(Bloomberg) -- Brazil’s central bank cannot sustain its current campaign to combat currency volatility until general elections in October, according to a central bank official familiar with the board’s thinking.
Maintaining the pace of currency swaps sales would mean the stock would exceed the amount Brazil has in international reserves, the person said. The central bank remains willing to intervene with international reserves if necessary, said the person, who requested to remain anonymous.
The real reversed gains and fell 0.6 percent after the story was published.
"The Central Bank does not recognize ‘off-the-record’ statements, especially by supposedly ‘high-ranking central bank sources’," the central bank’s press office said by e-mail.
Brazil’s central bank, led by its President Ilan Goldfajn, has offered $26 billion dollars worth of foreign-exchange swaps in just over a week in an effort to reduce the currency’s volatility. The real, which has fallen by about 12 percent this year, is reacting to both an emerging market selloff that’s prompted policy maker action from Argentina to Indonesia, as well as prospects of a weaker-than-expected domestic recovery and uncertainty surrounding presidential elections.
“Resorting to FX intervention via reserves is a rather extreme move, given the long and successful use of swaps,” said Alvise Marino a foreign-exchange strategist at Credit Suisse (SIX:CSGN) in New York. “The risk is that if the swap program were to prove insufficient to stop the currency from weakening further, the ability to announce another large increase in swap intervention would be limited by the already poor fiscal outlook.”
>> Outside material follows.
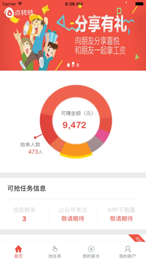 社交、朋友是我们生活的一部分,每个人在社交中都会形成有很多朋友圈,如何让朋友资源合理创造价值是我们一直专注研究分析的事业,团队通过多年的网络数据精准营销分析,及上百家软件平台开发运营经验,依托日益精进的互联网广告创意、网络访问行为分析、大数据采集优化等技术成果,于2016年推出点转转软件平台,为每个人无论在网络社交、学习、工作、休闲娱乐的同时动动手指分享文章、活动、APP、公众号到你微信朋友圈、QQ、空间、微博等就能为您创造价值。

Swap sales in the last two weeks have had the desired effect in reducing volatility, but the central bank is still concerned over market reactions to the elections, the official said. The monetary authority sees an 11-day trucker strike as having exacerbated financial market volatility.
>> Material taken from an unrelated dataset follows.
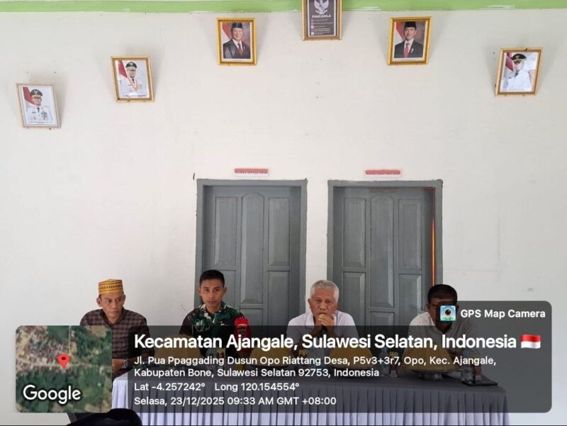Bone – Serda Erwin Babinsa Koramil 1407-01/Ajangale ikuti musyawarah dalam rangka pengusulan Pelaksana Tugas (PLT) Kepala Desa Opo yang dilaksanakan di Kantor Desa Opo, Kec. Ajangale, Kab. Bone. Selasa siang (23/12/25).

The central bank said in a June 14 statement that there’s no obstacle for outstanding currency swaps to "considerably" exceed amounts seen in the past. Finance Minister Eduardo Guardia reiterated on Monday that Brazil has tools to act in currency and interest rate futures markets.
While the swaps don’t change the supply of physical dollars in the country, they support the real by meeting demand from investors who want to hedge against the risk of the decline in the Brazilian currency. They also boost onshore dollar loan rates, encouraging commercial banks to bring greenbacks into Brazil to profit from the higher local rates.
(Updates with currency move in third paragraph, analyst comment in sixth.)